困惑はしているだろうが、今説明している暇はないため、ここから離れるようにだけ伝えどんどん進んでゆく。
教会にしては広く、部屋数も多い。
どの扉も鍵がかかっていたが、そのたびにアナトーレの一突きで破壊され。
「ちょっと申し訳なくすら思うこの蹂躙っぷり。さすが槍の戦姫」
活躍が目立つと鳥人たちが勝手に二つ名を贈り、勝手に広められる。かれらは自ら語る物語を面白くするために定期的に二つ名を与える人を選定し、与えている。
平和でなによりだ。
「やめてくださいミィス、少し気にしています」
あまりに勇ましく気高い名に、恐縮し頬を赤らめる。
「いやすごく似合ってるよ、かっこいい。わたしもいつか欲しいなあ」
ミィスは未だただの"勇者"と呼ばれており、二つ名らしきものは存在していない。というか二つ名自体が不要だろう。話題には欠かないため、よく語られてはいる。

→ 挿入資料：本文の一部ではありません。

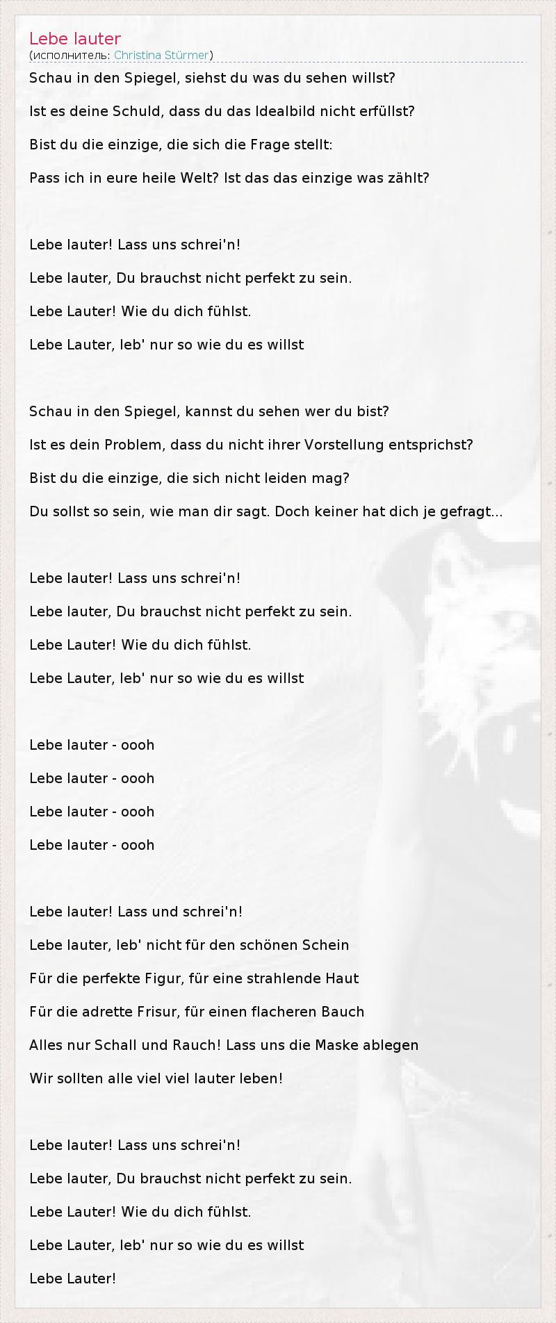 А как ты думаешь, о чем песня "Lebe lauter" ?

「ミィスはどうあがいても光の勇者以外にないのではないですか?」
「それはちょっとつまんないなあ。盾壊の闘姫も春の舞姫も月の騎士もかっこいいし羨ましい」
敵の本拠地とは思えないゆるい空気に皆少し警戒が薄れたころ。
最後の扉の前で、ぴくり、とセレネルの耳が跳ねる。
「次だ。おそらく魔王がいる。どうやらミィスのスキルは効いていないようだな、空気が違う。」
「あ、じゃあちょっと弱めてもいいかな?眩しくない?」
「そうだな、対象は1人だ。範囲を狭くするのがいいだろう。眩しくはないぞ」
その言葉にミィスは広範囲を照らすように輝いていたのをこの次の部屋だけ、と絞り深呼吸する。
「お話、聞いてもらえるかなあ」
「それは相手次第だな。」
「では、開けます」
アナトーレが例にもれず扉を破壊し、一行は中へ。
そこは広い食堂らしく、長い机がずらりと並べられ、椅子も合わせて並んでいる。天井も高く、聖堂のようでもある。
その最奥、大きな窓の縁に彼は腰かけていた。